#### [TASK GOAL]
Apart from the pictures, every line below is to be set down exactly.
****
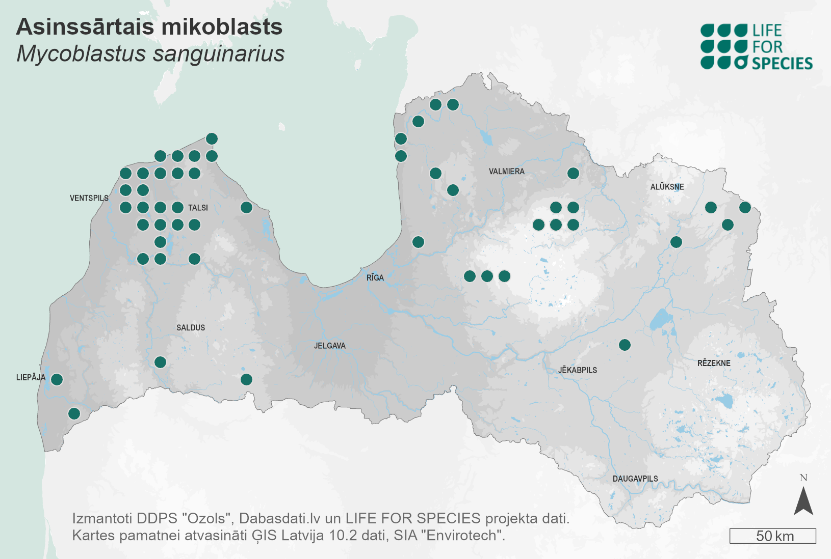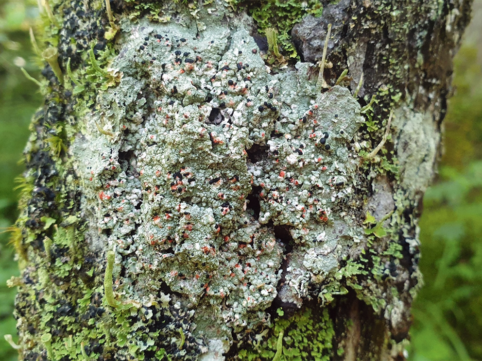 Summary. Mycoblastus sanguinarius is distributed in the Northern Hemisphere. Approximately 146 localities are known in Latvia (the number of registered observations exceeds 800). The EOO is 47,968 km2, and the AOO is 584 km2. An epiphytic species, though less often epixylic or epigeic. It grows on the bark of black alder, bog birch, pine bark and branches of spruce. It is less frequently found on sandstone outcrops, dead coniferous wood, junipers, and the bark of white alder. The species is found in old forests with stable and increased air humidity. The species is threatened by logging in old wet forests, which reduces the number of suitable trees, as well as by other activities that alter the hydrological regime and microclimate of these forests. It is assessed as Near Threatened (NT) because a decrease in the area of suitable habitats is expected in the future. This is a protected species in Latvia, for the preservation of which micro-reserves can be created. Its legal status of protection must be maintained. More than half of the observations were made in protected areas, for example, there were numerous observations in the “Ances purvi un meži” and “Ziemeļu purvi” Nature Reserves and the Slītere National Park. Old wet forests should be protected, preventing logging and changes in the natural hydrological regime.
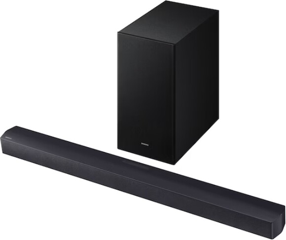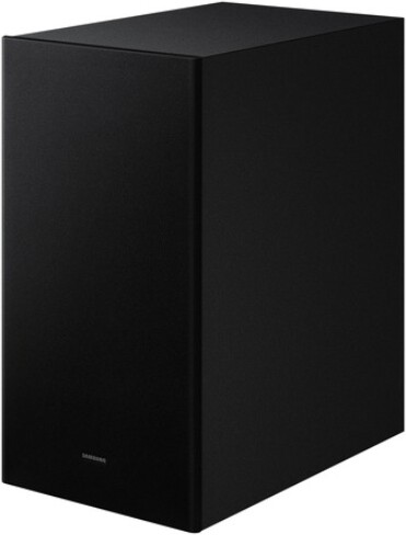По-добро аудио изживяване с пълна 2.1-канална звукова система, която включва безжичен субуфер за дълбоки, богати баси. Dolby Audio и DTS Virtual:X създават просторен 3D съраунд звук, включително усещането за височина, чрез техники за обработка на звука – без необходимост от високоговорители, насочени нагоре. Наслади се на песни и саундтраци с повече бас. Режимът Bass Boost усилва ниските честоти, за по-мощно въздействие при слушане. Получи оптимално аудио изживяване за всяка сцена. Твоят саундбар разпознава типа съдържание, което гледаш, и автоматично адаптира настройките, за да възпроизвежда ясни гласове и детайли от звука. Чуй диалога в любимите си предавания и филми с кристална яснота. Режимът Voice Enhance усилва звука на гласовете и оптимизира настройките на еквалайзера за яснота при слушане. Осигури си конкурентно предимство с Game Mode. Настройките на звука се оптимизират автоматично, така че всичко, което трябва да направиш, е да се включиш и да играеш. А технологията за премахване на кръстосани разговори премахва разсейващите звуци, като ти позволява да чуеш точното местоположение на твоите противници. Гледай телевизия през нощта, без да събуждаш останалите вкъщи. Нощният режим компресира басите, за да намали децибелите, като осигурява по-меко звучене и същевременно поддържа аудиото ясно. Комплектът безжични задни високоговорители ти позволява да разшириш своя саундбар до съраунд звукова система за по-добро кинематографично изживяване. С HDMI ARC порта на твоя саундбар можеш да го свържеш към външно устройство и да се наслаждаваш на богато, динамично аудио без загуба на качество. Кабелите пречат на твоята инсталация? Просто използвай Bluetooth, за да свържеш саундбара си към телевизора и се наслади на цялото си любимо съдържание безжично. Твоето дистанционно за телевизор Samsung не е само за телевизора. Използвай го, за да управляваш ключови функции на саундбара като мощност, сила на звука и звукови ефекти.
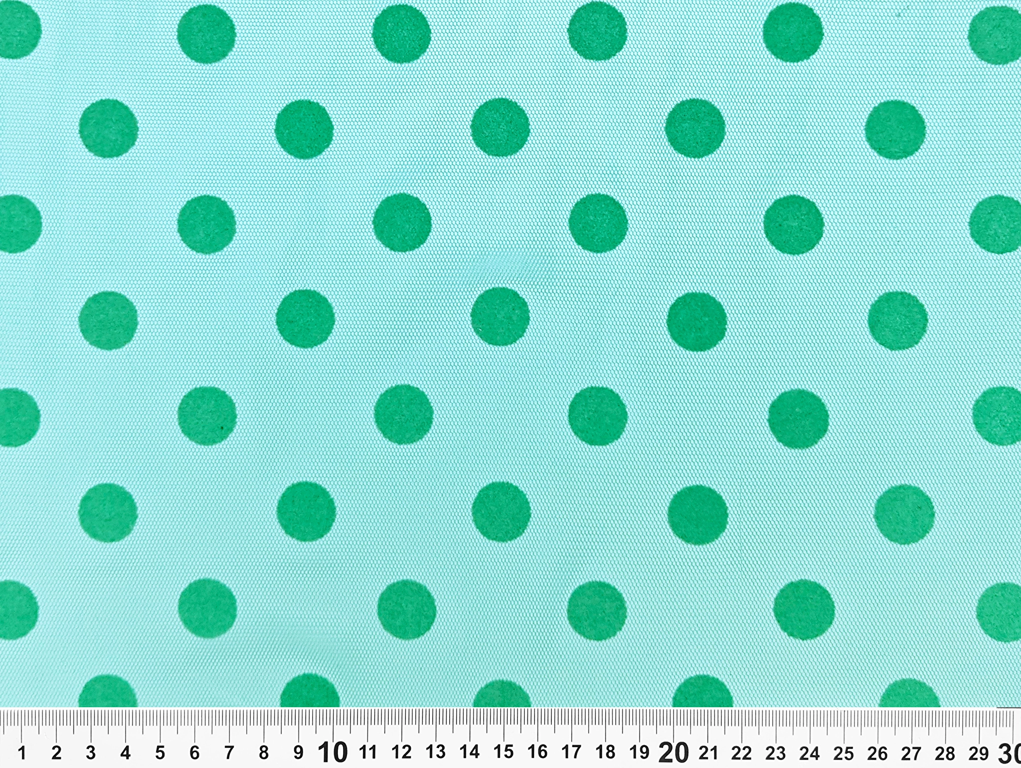 Сетка флок - это легкая, невесомая и деликатная ткань, которая хорошо сохраняет форму. Полотно не мнется, тянется по одной стороне, хорошо драпируется. Лицевая сторона имеет бархатистое напыление в виде горошков. Сетку флок можно применять для пошива всего изделия, также может служить декором для любых фасонов одежды и аксессуаров.
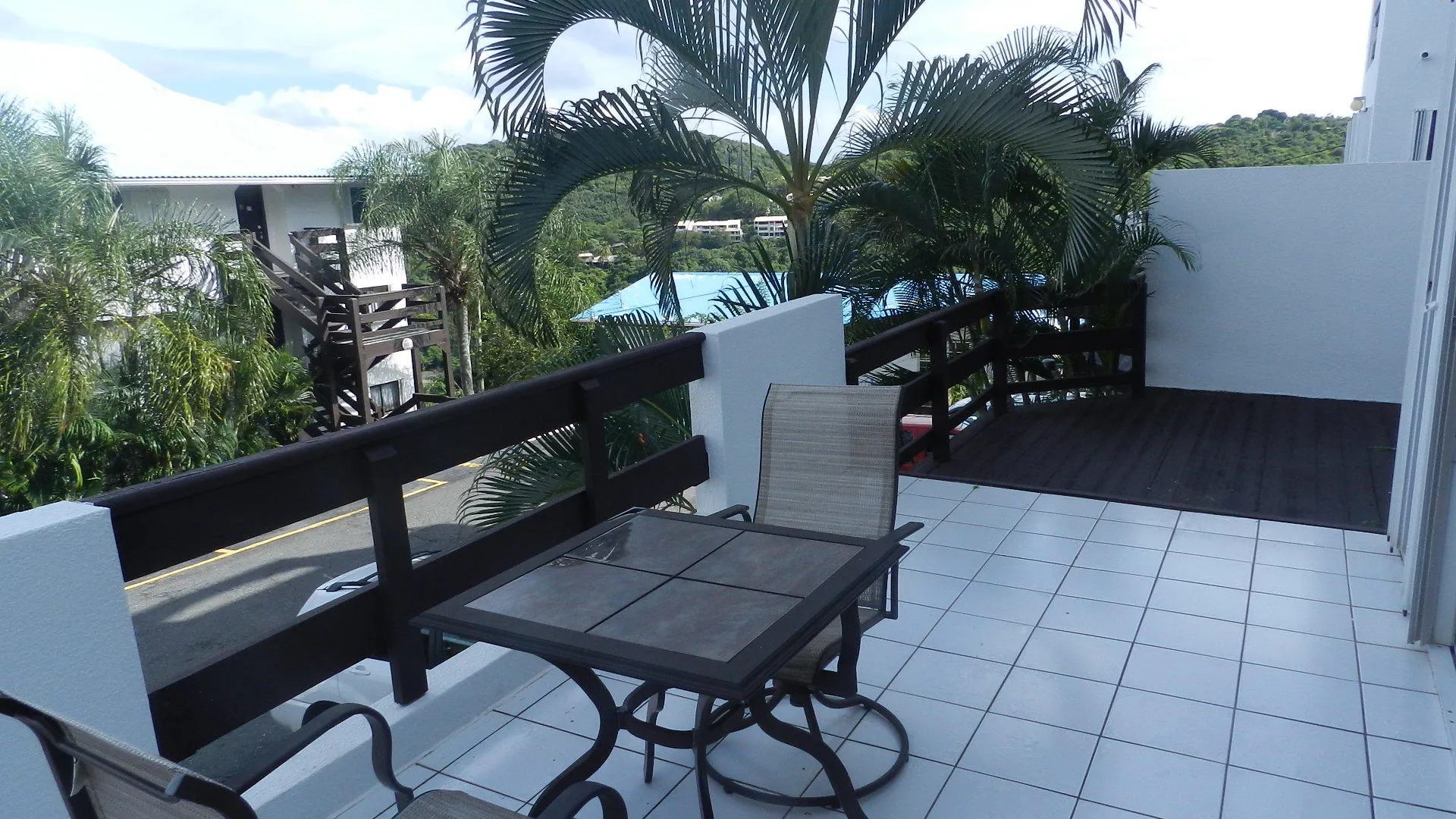 RARE THREE BR RENOVATED UNIT! Ground level private walk in entry, NO STAIRS. Could be modified for wheelchair. Large deck. Steps from large tranquil pool. Palm Gardens is a small, well built complex, low condo fee. Views North, gentle breezes. Convenient location 5 Min to Mall, 5 minutes Magen's Bay. 10 minutes to town, 15 minutes to East End.Offered mostly furnished. PRICED LIKE A 2 BR!
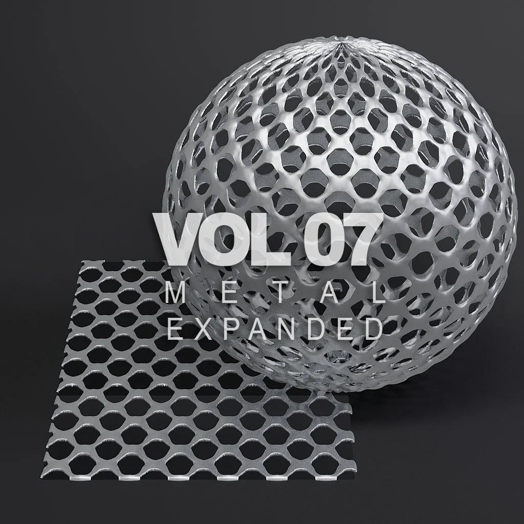 This texture pack contains 36 variations of expanded metal materials. The collection includes a total of 217 texture maps, providing glossy, bump, and displacement channels alongside the base structures for each metal. These format-agnostic PBR textures are compatible with any standard physical rendering engine.
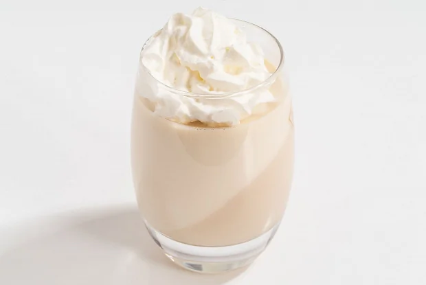 ШАГ 7 Когда первая половина панна-котты застынет, поставить бокалы на стол и влить к ним сливки с ликером. Поставить в холодильник до застывания.
****
#### [WORKED SOLUTION]
 Summary. Mycoblastus sanguinarius is distributed in the Northern Hemisphere. Approximately 146 localities are known in Latvia (the number of registered observations exceeds 800). The EOO is 47,968 km2, and the AOO is 584 km2. An epiphytic species, though less often epixylic or epigeic. It grows on the bark of black alder, bog birch, pine bark and branches of spruce. It is less frequently found on sandstone outcrops, dead coniferous wood, junipers, and the bark of white alder. The species is found in old forests with stable and increased air humidity. The species is threatened by logging in old wet forests, which reduces the number of suitable trees, as well as by other activities that alter the hydrological regime and microclimate of these forests. It is assessed as Near Threatened (NT) because a decrease in the area of suitable habitats is expected in the future. This is a protected species in Latvia, for the preservation of which micro-reserves can be created. Its legal status of protection must be maintained. More than half of the observations were made in protected areas, for example, there were numerous observations in the “Ances purvi un meži” and “Ziemeļu purvi” Nature Reserves and the Slītere National Park. Old wet forests should be protected, preventing logging and changes in the natural hydrological regime.
По-добро аудио изживяване с пълна 2.1-канална звукова система, която включва безжичен субуфер за дълбоки, богати баси. Dolby Audio и DTS Virtual:X създават просторен 3D съраунд звук, включително усещането за височина, чрез техники за обработка на звука – без необходимост от високоговорители, насочени нагоре. Наслади се на песни и саундтраци с повече бас. Режимът Bass Boost усилва ниските честоти, за по-мощно въздействие при слушане. Получи оптимално аудио изживяване за всяка сцена. Твоят саундбар разпознава типа съдържание, което гледаш, и автоматично адаптира настройките, за да възпроизвежда ясни гласове и детайли от звука. Чуй диалога в любимите си предавания и филми с кристална яснота. Режимът Voice Enhance усилва звука на гласовете и оптимизира настройките на еквалайзера за яснота при слушане. Осигури си конкурентно предимство с Game Mode. Настройките на звука се оптимизират автоматично, така че всичко, което трябва да направиш, е да се включиш и да играеш. А технологията за премахване на кръстосани разговори премахва разсейващите звуци, като ти позволява да чуеш точното местоположение на твоите противници. Гледай телевизия през нощта, без да събуждаш останалите вкъщи. Нощният режим компресира басите, за да намали децибелите, като осигурява по-меко звучене и същевременно поддържа аудиото ясно. Комплектът безжични задни високоговорители ти позволява да разшириш своя саундбар до съраунд звукова система за по-добро кинематографично изживяване. С HDMI ARC порта на твоя саундбар можеш да го свържеш към външно устройство и да се наслаждаваш на богато, динамично аудио без загуба на качество. Кабелите пречат на твоята инсталация? Просто използвай Bluetooth, за да свържеш саундбара си към телевизора и се наслади на цялото си любимо съдържание безжично. Твоето дистанционно за телевизор Samsung не е само за телевизора. Използвай го, за да управляваш ключови функции на саундбара като мощност, сила на звука и звукови ефекти.
 Сетка флок - это легкая, невесомая и деликатная ткань, которая хорошо сохраняет форму. Полотно не мнется, тянется по одной стороне, хорошо драпируется. Лицевая сторона имеет бархатистое напыление в виде горошков. Сетку флок можно применять для пошива всего изделия, также может служить декором для любых фасонов одежды и аксессуаров.
 RARE THREE BR RENOVATED UNIT! Ground level private walk in entry, NO STAIRS. Could be modified for wheelchair. Large deck. Steps from large tranquil pool. Palm Gardens is a small, well built complex, low condo fee. Views North, gentle breezes. Convenient location 5 Min to Mall, 5 minutes Magen's Bay. 10 minutes to town, 15 minutes to East End.Offered mostly furnished. PRICED LIKE A 2 BR!
 This texture pack contains 36 variations of expanded metal materials. The collection includes a total of 217 texture maps, providing glossy, bump, and displacement channels alongside the base structures for each metal. These format-agnostic PBR textures are compatible with any standard physical rendering engine.
 ШАГ 7 Когда первая половина панна-котты застынет, поставить бокалы на стол и влить к ним сливки с ликером. Поставить в холодильник до застывания.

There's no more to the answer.